EXERCISE REQUIREMENTS
Reproduce the opening lines of the listing below exactly, stopping after the line that contains "鸟类眼中四种视锥细胞对应的光谱波段。图片:Jimfbleak / Wikimedia" and leaving out any pictures.

MATERIAL SHOWN
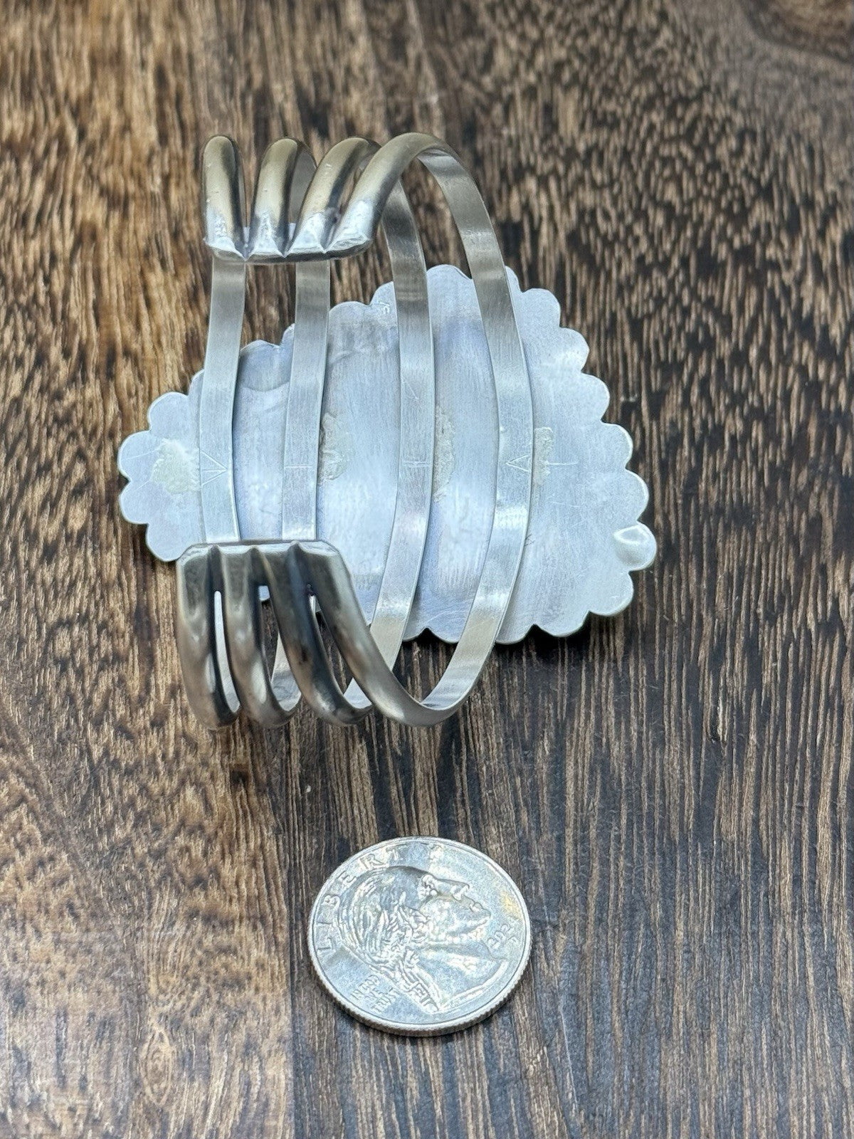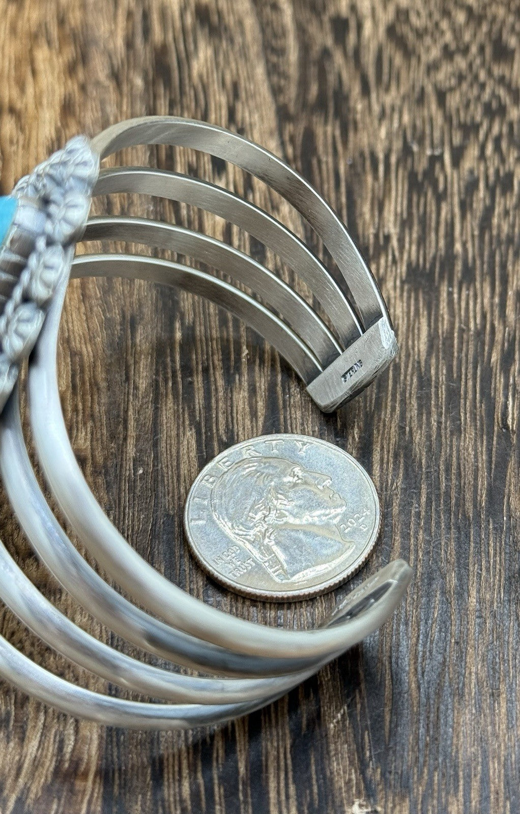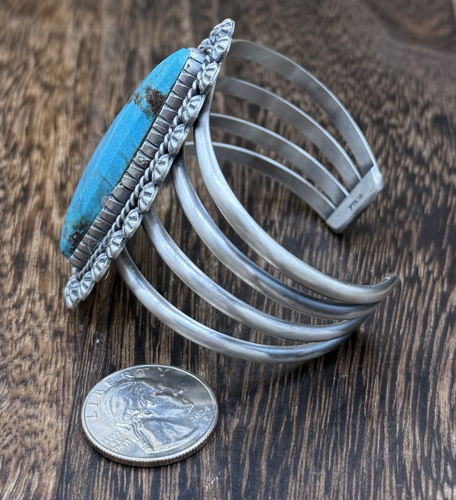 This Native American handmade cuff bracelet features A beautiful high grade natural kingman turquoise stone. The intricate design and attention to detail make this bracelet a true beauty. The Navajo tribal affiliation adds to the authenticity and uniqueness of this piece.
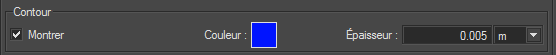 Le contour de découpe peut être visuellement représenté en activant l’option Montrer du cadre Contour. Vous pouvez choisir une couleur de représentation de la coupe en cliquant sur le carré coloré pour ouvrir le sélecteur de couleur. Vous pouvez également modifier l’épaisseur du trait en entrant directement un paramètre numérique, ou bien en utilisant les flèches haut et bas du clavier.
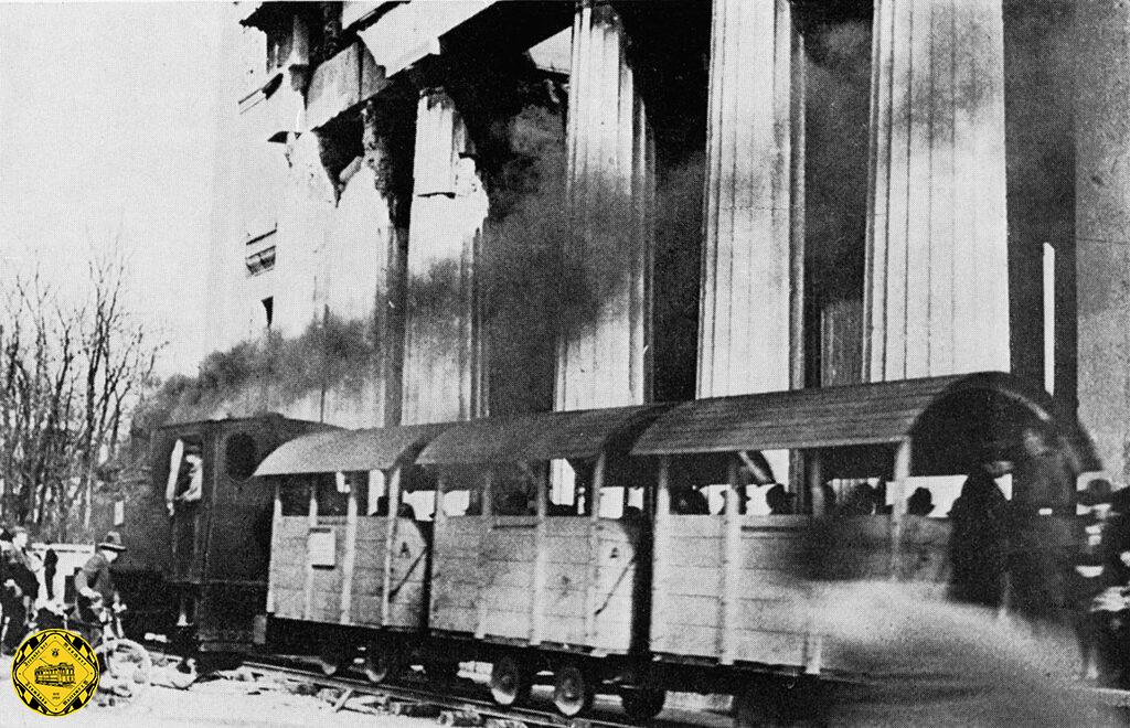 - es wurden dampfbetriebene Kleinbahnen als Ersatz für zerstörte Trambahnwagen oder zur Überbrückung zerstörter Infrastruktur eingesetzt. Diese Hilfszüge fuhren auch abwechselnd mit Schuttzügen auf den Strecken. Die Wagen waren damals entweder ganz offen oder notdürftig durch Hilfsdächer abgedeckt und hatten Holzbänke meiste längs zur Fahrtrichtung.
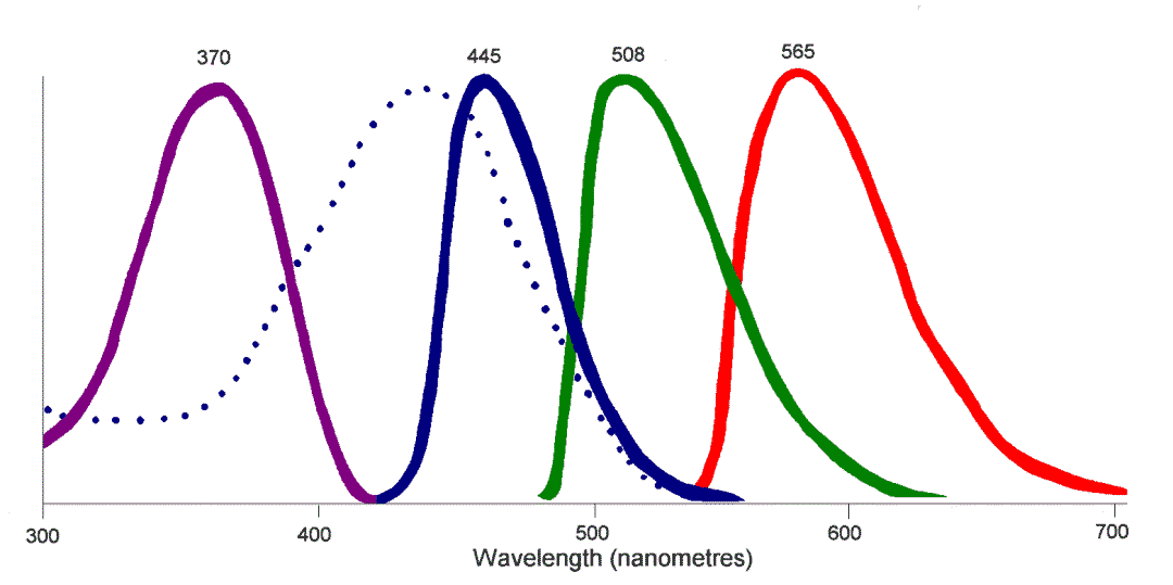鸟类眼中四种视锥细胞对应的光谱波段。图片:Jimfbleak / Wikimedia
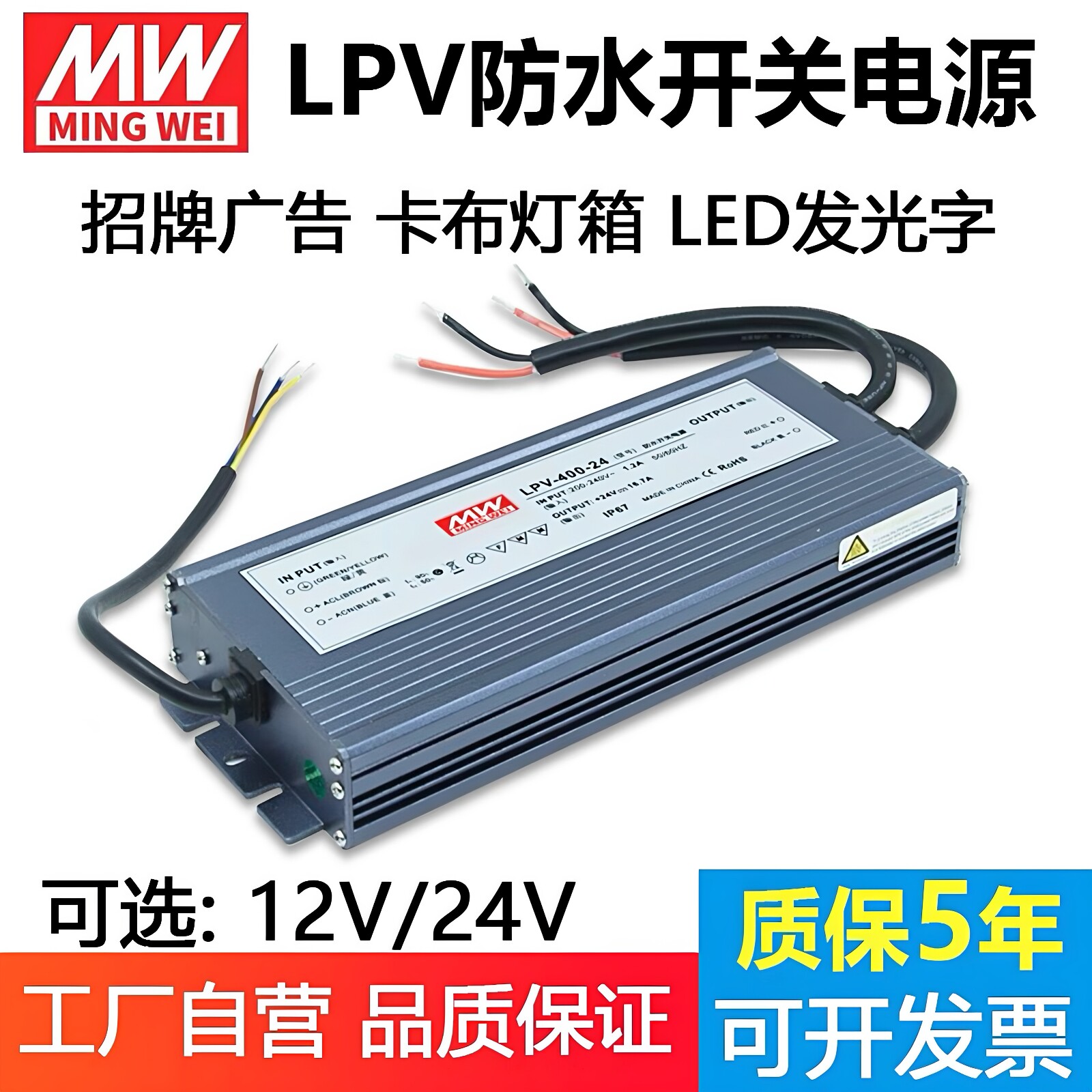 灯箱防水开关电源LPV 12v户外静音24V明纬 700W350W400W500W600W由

RESULT OF THE TASK
 This Native American handmade cuff bracelet features A beautiful high grade natural kingman turquoise stone. The intricate design and attention to detail make this bracelet a true beauty. The Navajo tribal affiliation adds to the authenticity and uniqueness of this piece.
 Le contour de découpe peut être visuellement représenté en activant l’option Montrer du cadre Contour. Vous pouvez choisir une couleur de représentation de la coupe en cliquant sur le carré coloré pour ouvrir le sélecteur de couleur. Vous pouvez également modifier l’épaisseur du trait en entrant directement un paramètre numérique, ou bien en utilisant les flèches haut et bas du clavier.
 - es wurden dampfbetriebene Kleinbahnen als Ersatz für zerstörte Trambahnwagen oder zur Überbrückung zerstörter Infrastruktur eingesetzt. Diese Hilfszüge fuhren auch abwechselnd mit Schuttzügen auf den Strecken. Die Wagen waren damals entweder ganz offen oder notdürftig durch Hilfsdächer abgedeckt und hatten Holzbänke meiste längs zur Fahrtrichtung.
鸟类眼中四种视锥细胞对应的光谱波段。图片:Jimfbleak / Wikimedia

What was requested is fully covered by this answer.